| INFORMATION SUPPLIED |
|---|

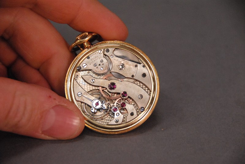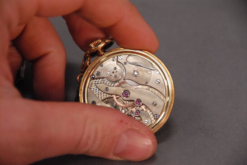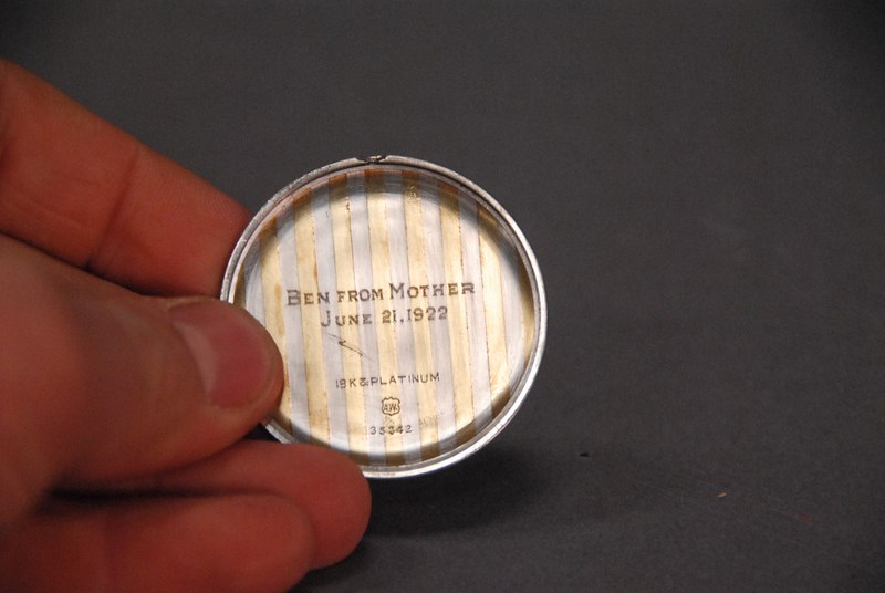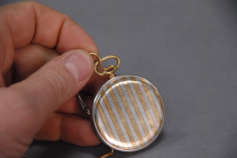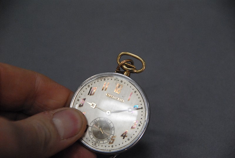 Lot 78A: Platinum and 18K gold Touchon & Co. Swiss pocket watch with open face and two color platinum and 14K gold chain, watch face marked Tiffany & Co. in Tiffany box. back of watch weight: 16.6 grams chain weight: 16 grams total watch weight: 54.4 grams
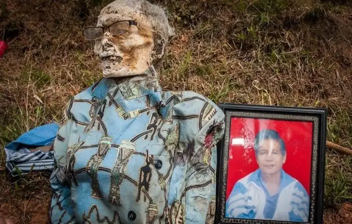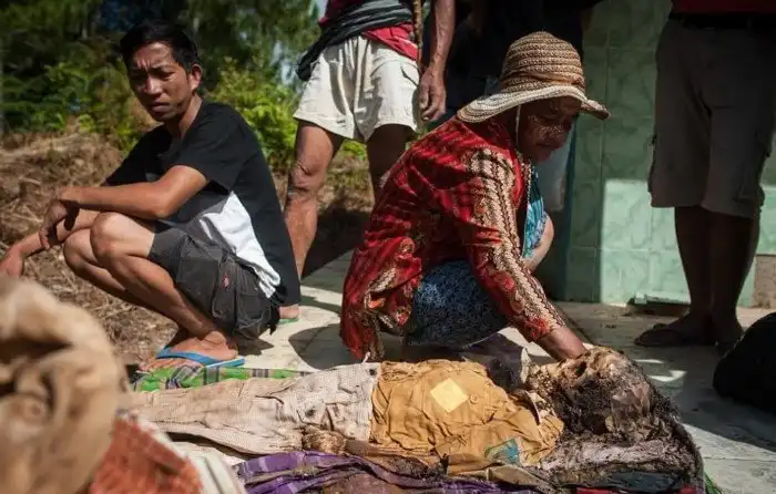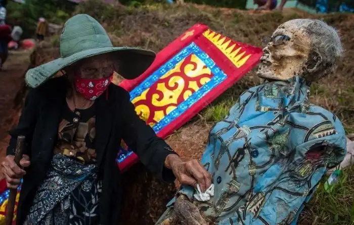Представители племени тораджан продолжают общаться с умершими родными и после смерти. Часто трупы покойных родственников в течение месяцев, а иногда и лет хранят дома. Чтобы они не сгнили, их как следует пропитывают формальдегидом.
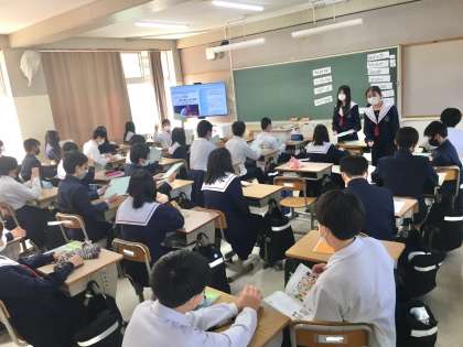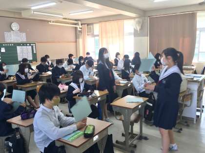 新学習指導要領の実施に伴い、昨年度より英語の授業で使用する教科用図書の出版社が変更となっています。真新しい教科書のページをめくり、今後の学習を楽しみにしている生徒の姿が見られています。

|---|

| EXERCISE GOAL |
With pictures excluded, the data must be transcribed in full and to the letter.

| FINAL ANSWER |
 Lot 78A: Platinum and 18K gold Touchon & Co. Swiss pocket watch with open face and two color platinum and 14K gold chain, watch face marked Tiffany & Co. in Tiffany box. back of watch weight: 16.6 grams chain weight: 16 grams total watch weight: 54.4 grams
Представители племени тораджан продолжают общаться с умершими родными и после смерти. Часто трупы покойных родственников в течение месяцев, а иногда и лет хранят дома. Чтобы они не сгнили, их как следует пропитывают формальдегидом.
 新学習指導要領の実施に伴い、昨年度より英語の授業で使用する教科用図書の出版社が変更となっています。真新しい教科書のページをめくり、今後の学習を楽しみにしている生徒の姿が見られています。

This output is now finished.